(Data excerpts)
..........
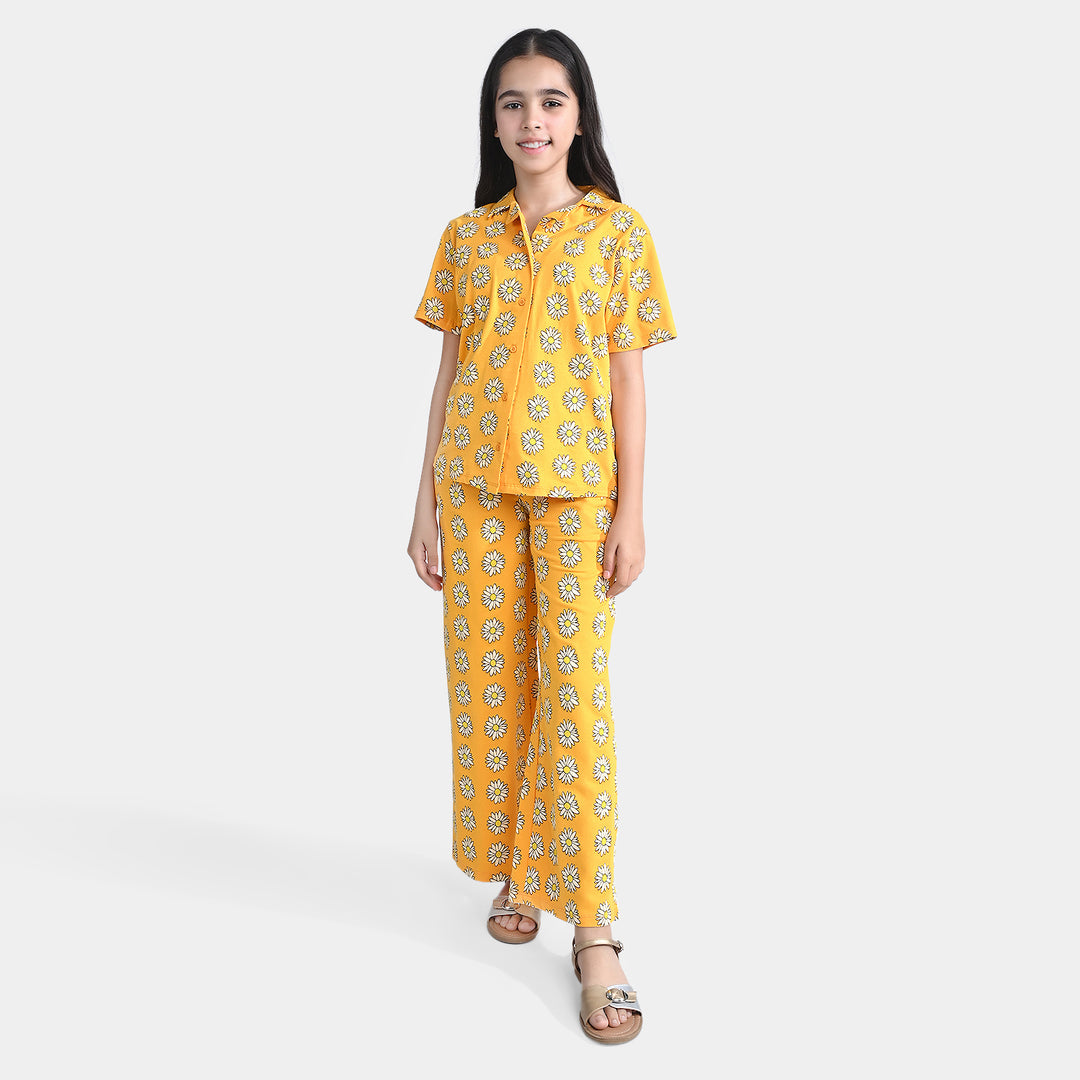 Girls Poly 3PCs Fancy Suit Gul-e-Nasreen - Mustard
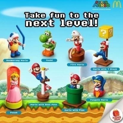 맥도날드는 슈퍼마리오 피규어를 맥도날드를 방문하는 어린이들을 위한 어린이용 '해피밀'세트로 구성해 햄버거와 디저트, 음료와 함께 해피밀 레드 박스에 담아 제공한다.
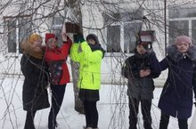 Учащиеся школы делают кормушки из подручного материала и вешают их на пришкольной территории.
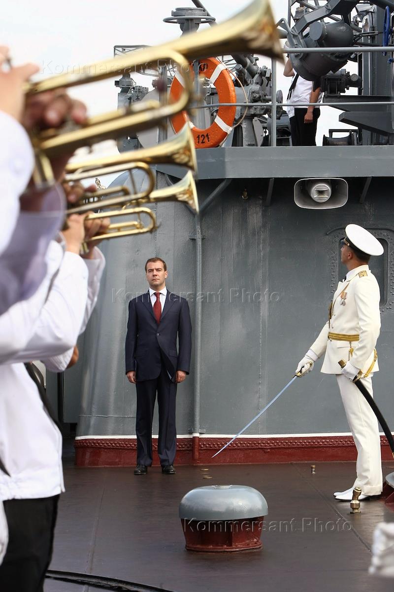 Russian President Dmitry Medvedev, left, visits guided missile cruiser Moskva in Novorossiysk Bay.
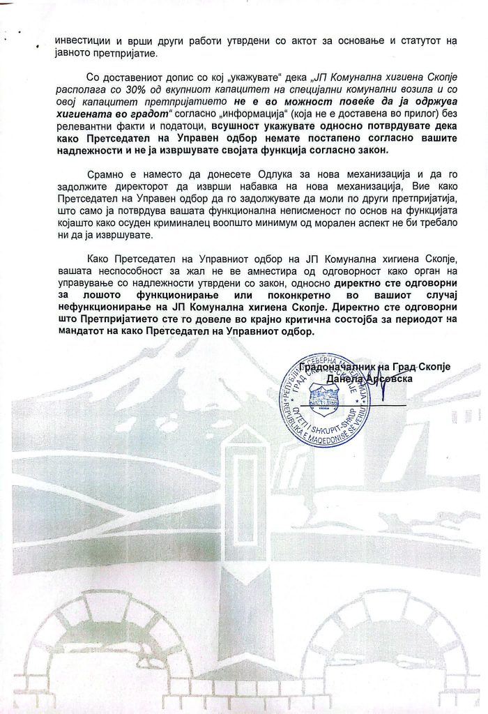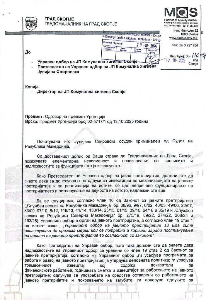 За ѓубрето низ Скопје е одговорна ТВОЈАТА криминална структура во Комунална хигиена на чело со Јулијана Спировска која е претседател на Управниот одбор (земи читај допис ако имаш време меѓу заканите и правење бизнис)
..........
_Exercise instructions_.
The entries should be printed again exactly as written, leaving all pictures out.

_Exercise result_.
 Girls Poly 3PCs Fancy Suit Gul-e-Nasreen - Mustard
 맥도날드는 슈퍼마리오 피규어를 맥도날드를 방문하는 어린이들을 위한 어린이용 '해피밀'세트로 구성해 햄버거와 디저트, 음료와 함께 해피밀 레드 박스에 담아 제공한다.
 Учащиеся школы делают кормушки из подручного материала и вешают их на пришкольной территории.
 Russian President Dmitry Medvedev, left, visits guided missile cruiser Moskva in Novorossiysk Bay.
 За ѓубрето низ Скопје е одговорна ТВОЈАТА криминална структура во Комунална хигиена на чело со Јулијана Спировска која е претседател на Управниот одбор (земи читај допис ако имаш време меѓу заканите и правење бизнис)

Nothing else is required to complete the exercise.